What is Diplomatics in the Digital Environment?
Diplomatics has changed fundamentally in the last few decades due to dramatic developments in information technology. While consolidating itself as an autonomous science with its own centuries-old theory, methodology, analytical processes and tools, focused on research on medieval and early modern legal documents, it has also grown into an interdisciplinary field, expanding its area of inquiry to all kinds of textual traditions, documentary forms and creation processes through the use of sophisticated digital tools. “We shape our tools, and then our tools shape us”– said Marshal McLuhan. This is especially true with regard to diplomatics. The easy reproduction and publication of charters makes large fonds accessible to historical research and gives the opportunity to reconstruct dispersed fonds. Text analysis tools allow researchers to dig deeply into the data in the documents, extracting information on the distribution of phrases or legal concepts, and creating resources for statistical and network analysis of content. The possibility of developing data models beyond the material restrictions of a printed book inspires rethinking the traditional ways of editing charters. The access to huge image collections fosters historical research on the semiotics of documents as visual signs. At the same time, the comparison between documents on traditional media and those born digital has shown that classic diplomatic knowledge can be used to address issues related to documents created, managed and preserved in the digital environment.

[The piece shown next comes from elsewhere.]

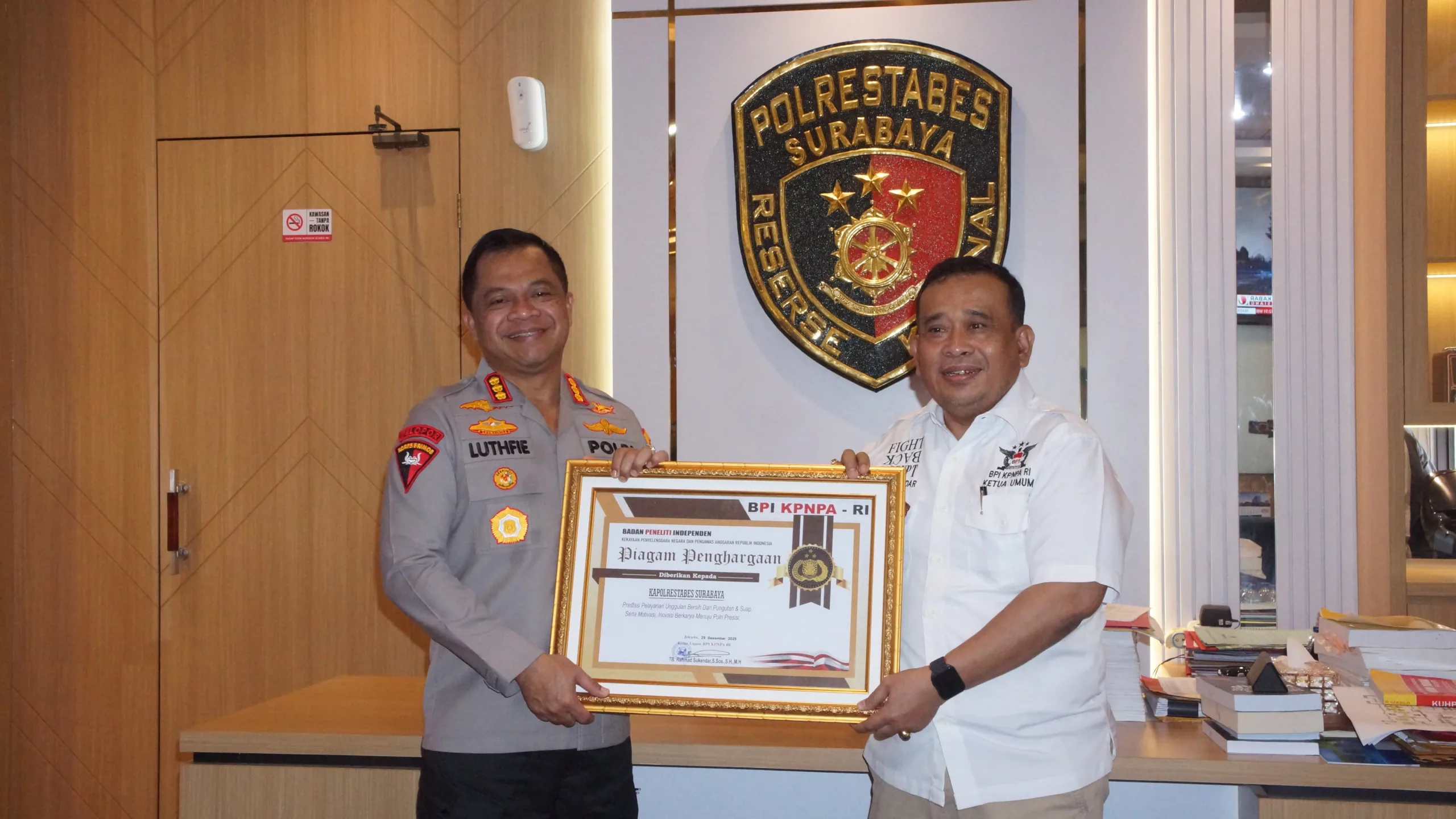 Sebagai bentuk pengakuan atas kinerja dan komitmen dalam penegakan hukum serta pelayanan kepada masyarakat, Polrestabes Surabaya menerima penghargaan BPI Award dari BPIKPNPARI.

Many of the advantages of conducting any kind of documentary research in the digital environment were clear to diplomatists when they began creating online portals of archival material, doing digital editions of medieval documents, analysing linguistically charter corpora or applying to them visual analysis or visualization technologies. Additional opportunities they identified were the ability to make automatic or semiautomatic annotation to the content of documents, and the application of diplomatics concepts for the identification of digital records and the assessment and protection of their authenticity in a variety of information systems. However, a scholarly reflection on how these new directions taken by diplomatics affect its nature as a field of study concerned with a systematic critical analysis of documents has just begun.
Following the two conferences on Digital Diplomatics that took place 2007 in Munich and 2011 in Naples, this conference, to be held in Paris, 14-16th november 2013, has the goal to further the scholarly reflection on the way in which diplomatics has developed as a result of both the opportunities offered by digital tools to study historical documents and the challenges presented by born digital documents and by the need to understand their structure and of the complex digital environments in which they reside.

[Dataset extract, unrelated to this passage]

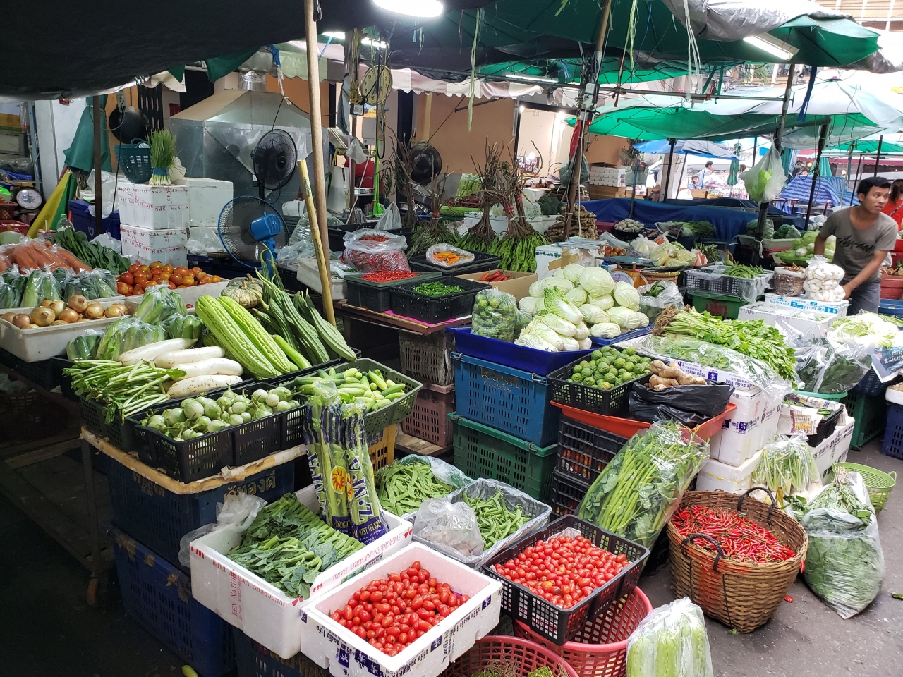 今年よりMRTのブルーラインの試運転が開始となり、王宮周辺の観光がぐっと楽になりました。こちらのマーケットへはサナムチャイ駅を降りてすぐのアクセスになります。お花や野菜がたくさんあって見飽きないです。奥の建物にスターバックスがあるけど似つかわしくないことこの上ない。

We invite proposals for papers addressing the manifestations and effects of what appears to be a paradigm shift from a classic humanistic science to a cyberscience (Nentwich).
Examples of issues that could be considered are:
- Changes in scholarly editing of documents when using digital methods
- Diplomatics as a hard science, a social science or a humanisties discipline
- Measuring versus understanding as the main method of diplomatics of the documents (e.g. automatic author identification versus ‘Diktatvergleich’)

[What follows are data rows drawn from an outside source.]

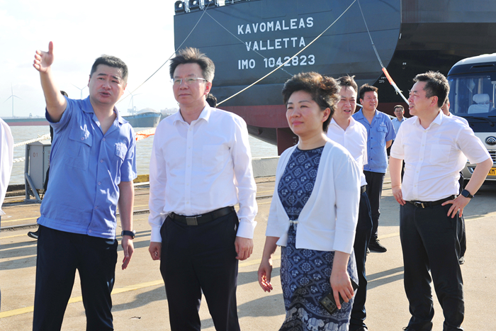 7月9日下午,江蘇省副省長李忠軍率隊(duì)蒞臨我揚(yáng)子江船業(yè)開展調(diào)研工作。泰州市委副書記、市長萬聞華,省政府副秘書長桂俊,省工信廳副廳長李鋒,省藥監(jiān)局局長田豐,以及泰州市委常委、常務(wù)副市長秦猛,泰州市政府秘書長包亞,靖江市委書記申強(qiáng),靖江市委副書記、代市長黃衛(wèi)平等陪同調(diào)研。揚(yáng)子江船業(yè)集團(tuán)董事長任樂天、集團(tuán)副董事長張宏飛等人熱情接待。
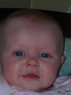 Here are some long overdue pics of baby Brigitta. This was when she was about 5 to 51/2 months old. And, the first time she really sat in her highchair. Looks like she enjoys it!
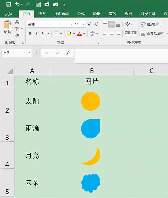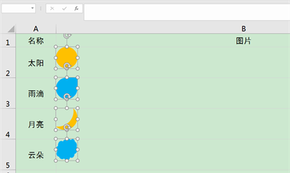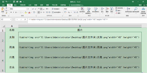 3.同时按Ctrl+A全选文本文档中的代码,再复制粘贴回Excel工作表的B2:B5单元格中,这时B2:B5单元格中就会显示出图片了,并且图片与同行A列中的名称会自动对应好。
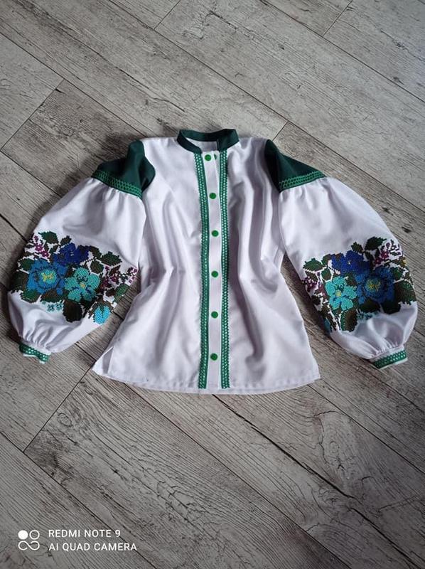 Машинна вишивка, розмірний ряд від 3-х до 12 років. Можлива індивідуальна корекція, а також зміна кольору ниток та тканини.

- The focus of diplomatics: a single documents or aggregations (corpora, files, series, fonds)?
- Digitized charters as images, texts, or meaning?
- Can the whole meaning of a charter be represented digitally?
- Comparing creation of trusted documents in the traditional and the digital environment
- Signatures and seals in the traditional and the digital environment: are they comparable?
- Are digital forensics and its tools related to diplomatics? How?
- Diplomatic tools for analyzing digital and non-digital documents
- Teaching diplomatics in the digital environment (both in traditional classroom and through eLearning)
- Using diplomatics to build a virtual archives
Each submitted proposal will be peer reviewed by at least three members of the Program Committee to ensure that the program provides significant, timely, and authoritative information.
Proposals can be submitted for individual papers (for a 20 minutes oral presentation followed by a 5 minutes discussion), for a traditional session including three papers (1 hour of presentation time and 15 minutes of discussion time), or for a panel of speakers (1 hour and 15 minutes total).
Proposals should include:
- a 500-word abstract that clearly identifies the working title and the content of each paper.
- a 50-word biographical sketch of each author
- mailing address, phone, and email for the primary author
Proposals can be submitted via the conference website at http://www.cei.lmu.de/digdipl13/organisation/proposals or sent to digdipl13@lrz.uni-muenchen.de.
The deadline for proposal submission is March 15, 2013.